Maybe, but I'm dubious that the transparent bridge windows and its secondary bus resources are updated when siblings of the bridge are hotplugged. For example, if we add a new device next to the bridge, the new device's resources should be removed from the bridge and its secondary bus.
Yea, based on the headaches we have had with that code it is always good to be dubious about it. :) The code seems quite fragile and it has always seemed to me like the transparent bridge support was grafted on as kind of an afterthought. I wasn't trying to defend the code, just trying to tell you why I *think* it may work in the situation that you described. The hotplug slots on the systems I have been working on are located on secondary buses of siblingless transparent bridges so I have no way to actually test this assertion. BTW, it seems like this concern should also apply to a topology where a transparent bridge w/sibling(s) is located on the secondary bus of a non-transparent/non-root bridge where a default pci=use_crs would not be a factor. I believe pci_read_bridge_bases() would copy all resources from the transparent bridge primary to secondary bus with this kind of structure as well.

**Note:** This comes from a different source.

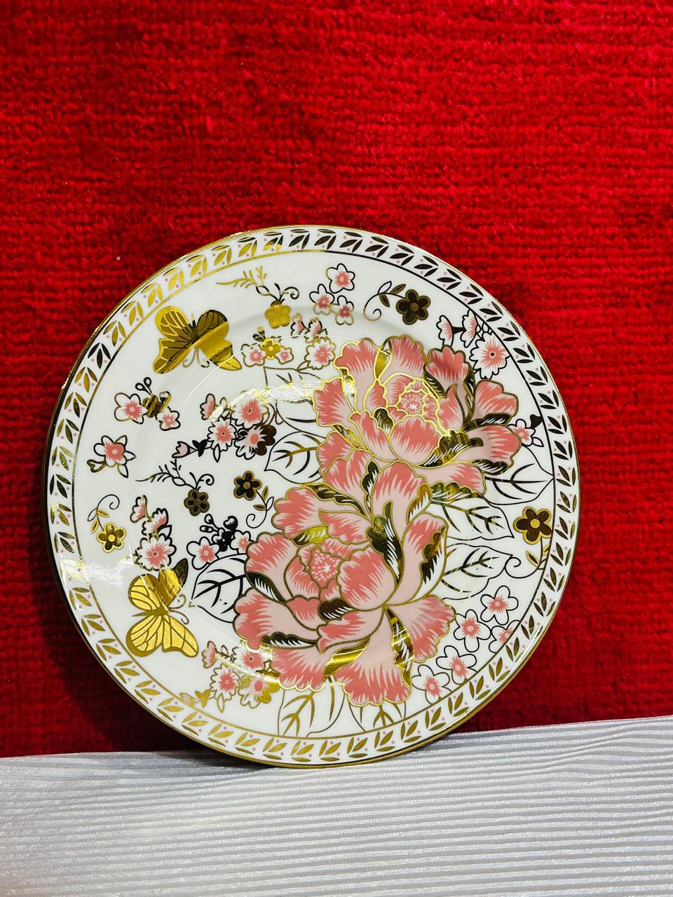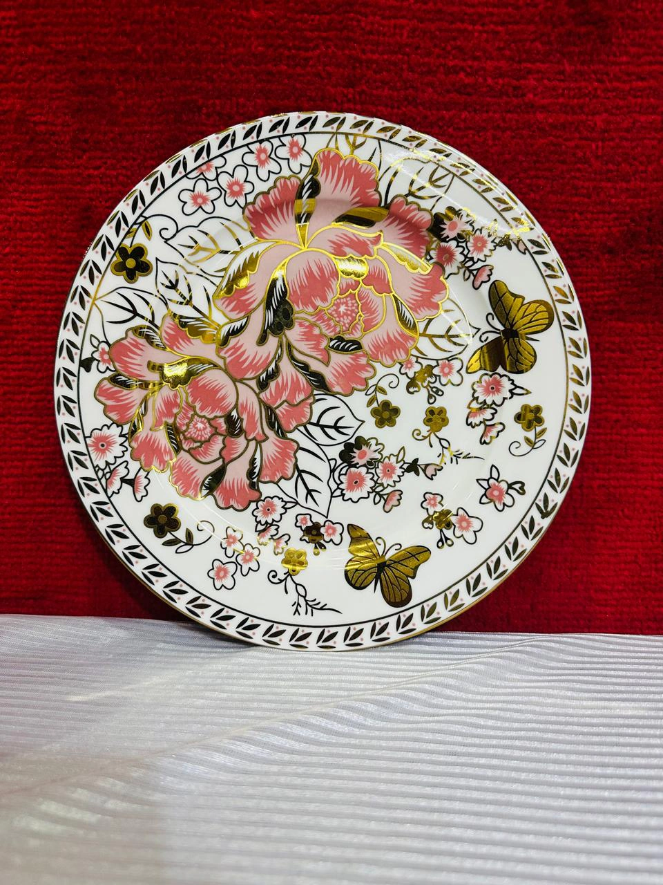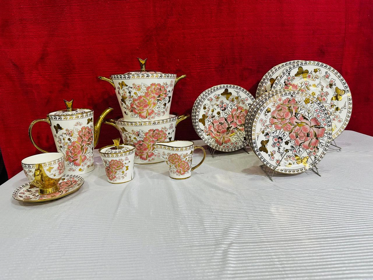 Buy the Royal Bone China 61-Piece Floral Dinner Set with golden butterfly design. Perfect luxury dinnerware for weddings, jahez, and family dining. Elegant, durable & timeless.

Created attachment 23303 [details] possible fix Assuming that the non-response to http://lkml.org/lkml/2009/9/24/469 isn't an indication that the idea was stupid, here is a lightly tested patch that implements it. It at least provides some infrastructure that could possibly be used for the white/blacklisting that was being discussed.
Created attachment 23304 [details] possible fix, w/checkpatch.pl cleanups
I'm hesitant about this patch because I'd rather have a more general solution. We certainly have issues with the current handling of PCI host bridge apertures from _CRS, but I'm pretty sure Windows does use that aperture information, so I'm still hopeful that we can fix the Linux implementation. For example, in bug 14337, Windows shows the correct host bridge apertures. It's using pci.sys, and I don't see any chipset-specific driver, so I think the aperture information must be from _CRS. This whole area (e.g., the limit we impose on the number of root bus resources, the hacky handling of transparent bridges, amd_bus.c, the recent intel_bus.c stuff, the duplication of ia64/x86 _CRS parsing, etc.) just seems like a pile of kludges for special cases, and I hate to add more. I'd rather get some of the existing things working correctly than add workarounds for broken Linux code.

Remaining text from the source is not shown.